■ DIRECTIONS: Give again, exactly as written, each line of the material below starting at the line that contains "お互いの国の硬貨を交換した。上の並びから日本、チュニジア、トルコ" and ending at the line that contains "Σχολικό εγχειρίδιο Αρχαίων". Both ends count, and no other line does.

■ THE DATA:
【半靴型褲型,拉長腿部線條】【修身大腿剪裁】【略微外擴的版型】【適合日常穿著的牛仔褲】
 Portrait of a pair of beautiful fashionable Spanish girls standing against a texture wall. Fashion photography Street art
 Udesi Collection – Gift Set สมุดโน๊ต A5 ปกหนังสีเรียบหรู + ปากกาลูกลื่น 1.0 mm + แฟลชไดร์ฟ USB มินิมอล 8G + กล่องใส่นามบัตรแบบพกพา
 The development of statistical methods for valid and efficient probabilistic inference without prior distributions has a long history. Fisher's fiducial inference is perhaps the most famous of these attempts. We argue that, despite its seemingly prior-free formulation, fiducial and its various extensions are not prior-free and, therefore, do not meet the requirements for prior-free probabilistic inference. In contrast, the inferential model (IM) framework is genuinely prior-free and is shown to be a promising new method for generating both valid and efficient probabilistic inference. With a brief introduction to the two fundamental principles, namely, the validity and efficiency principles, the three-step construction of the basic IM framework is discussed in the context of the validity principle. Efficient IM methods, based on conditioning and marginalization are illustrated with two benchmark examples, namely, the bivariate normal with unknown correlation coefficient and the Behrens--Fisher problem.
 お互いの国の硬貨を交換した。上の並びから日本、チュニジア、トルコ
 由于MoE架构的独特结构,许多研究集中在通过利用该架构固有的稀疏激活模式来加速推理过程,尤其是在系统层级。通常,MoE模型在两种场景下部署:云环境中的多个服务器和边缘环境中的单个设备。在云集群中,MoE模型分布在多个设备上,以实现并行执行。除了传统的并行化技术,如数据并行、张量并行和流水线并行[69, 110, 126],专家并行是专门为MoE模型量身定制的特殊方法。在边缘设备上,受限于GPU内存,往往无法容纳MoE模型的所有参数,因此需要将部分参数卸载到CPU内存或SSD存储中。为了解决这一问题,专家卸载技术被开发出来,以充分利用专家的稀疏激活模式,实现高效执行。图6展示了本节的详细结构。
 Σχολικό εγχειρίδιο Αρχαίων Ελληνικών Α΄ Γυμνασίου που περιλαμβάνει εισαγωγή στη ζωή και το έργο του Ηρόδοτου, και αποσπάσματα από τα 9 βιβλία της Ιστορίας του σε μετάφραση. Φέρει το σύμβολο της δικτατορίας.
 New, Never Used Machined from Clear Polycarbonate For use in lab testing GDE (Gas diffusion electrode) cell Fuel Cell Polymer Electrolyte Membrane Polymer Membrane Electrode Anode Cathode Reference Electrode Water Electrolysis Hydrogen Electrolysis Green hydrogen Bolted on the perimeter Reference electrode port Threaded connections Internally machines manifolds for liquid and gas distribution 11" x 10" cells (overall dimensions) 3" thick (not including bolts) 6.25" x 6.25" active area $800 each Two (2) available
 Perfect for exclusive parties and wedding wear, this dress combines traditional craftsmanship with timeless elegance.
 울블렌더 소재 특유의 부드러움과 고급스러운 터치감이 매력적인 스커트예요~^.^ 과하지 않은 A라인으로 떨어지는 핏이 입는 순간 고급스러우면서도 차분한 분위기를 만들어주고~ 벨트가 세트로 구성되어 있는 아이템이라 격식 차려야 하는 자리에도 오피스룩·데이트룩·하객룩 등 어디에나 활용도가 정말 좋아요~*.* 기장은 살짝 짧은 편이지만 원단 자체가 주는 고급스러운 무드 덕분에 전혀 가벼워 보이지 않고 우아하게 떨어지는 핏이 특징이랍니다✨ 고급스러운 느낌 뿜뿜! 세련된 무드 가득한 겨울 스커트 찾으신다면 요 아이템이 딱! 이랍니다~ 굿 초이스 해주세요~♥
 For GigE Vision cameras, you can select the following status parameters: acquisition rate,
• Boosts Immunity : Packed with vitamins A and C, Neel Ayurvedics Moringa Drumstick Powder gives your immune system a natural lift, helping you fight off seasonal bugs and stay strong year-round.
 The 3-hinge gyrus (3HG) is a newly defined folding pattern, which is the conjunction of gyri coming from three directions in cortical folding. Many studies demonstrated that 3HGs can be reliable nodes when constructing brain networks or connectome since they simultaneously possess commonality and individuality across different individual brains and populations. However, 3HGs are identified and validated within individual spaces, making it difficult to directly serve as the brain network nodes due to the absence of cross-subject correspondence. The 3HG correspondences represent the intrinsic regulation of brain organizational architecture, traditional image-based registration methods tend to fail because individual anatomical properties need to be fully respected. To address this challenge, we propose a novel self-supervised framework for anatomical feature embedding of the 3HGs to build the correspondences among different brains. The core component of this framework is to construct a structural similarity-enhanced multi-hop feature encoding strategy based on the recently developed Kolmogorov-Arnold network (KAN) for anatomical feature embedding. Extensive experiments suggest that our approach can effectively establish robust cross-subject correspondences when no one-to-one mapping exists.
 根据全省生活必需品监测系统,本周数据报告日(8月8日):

■ RESPONSE AREA:
 お互いの国の硬貨を交換した。上の並びから日本、チュニジア、トルコ
 由于MoE架构的独特结构,许多研究集中在通过利用该架构固有的稀疏激活模式来加速推理过程,尤其是在系统层级。通常,MoE模型在两种场景下部署:云环境中的多个服务器和边缘环境中的单个设备。在云集群中,MoE模型分布在多个设备上,以实现并行执行。除了传统的并行化技术,如数据并行、张量并行和流水线并行[69, 110, 126],专家并行是专门为MoE模型量身定制的特殊方法。在边缘设备上,受限于GPU内存,往往无法容纳MoE模型的所有参数,因此需要将部分参数卸载到CPU内存或SSD存储中。为了解决这一问题,专家卸载技术被开发出来,以充分利用专家的稀疏激活模式,实现高效执行。图6展示了本节的详细结构。
 Σχολικό εγχειρίδιο Αρχαίων Ελληνικών Α΄ Γυμνασίου που περιλαμβάνει εισαγωγή στη ζωή και το έργο του Ηρόδοτου, και αποσπάσματα από τα 9 βιβλία της Ιστορίας του σε μετάφραση. Φέρει το σύμβολο της δικτατορίας.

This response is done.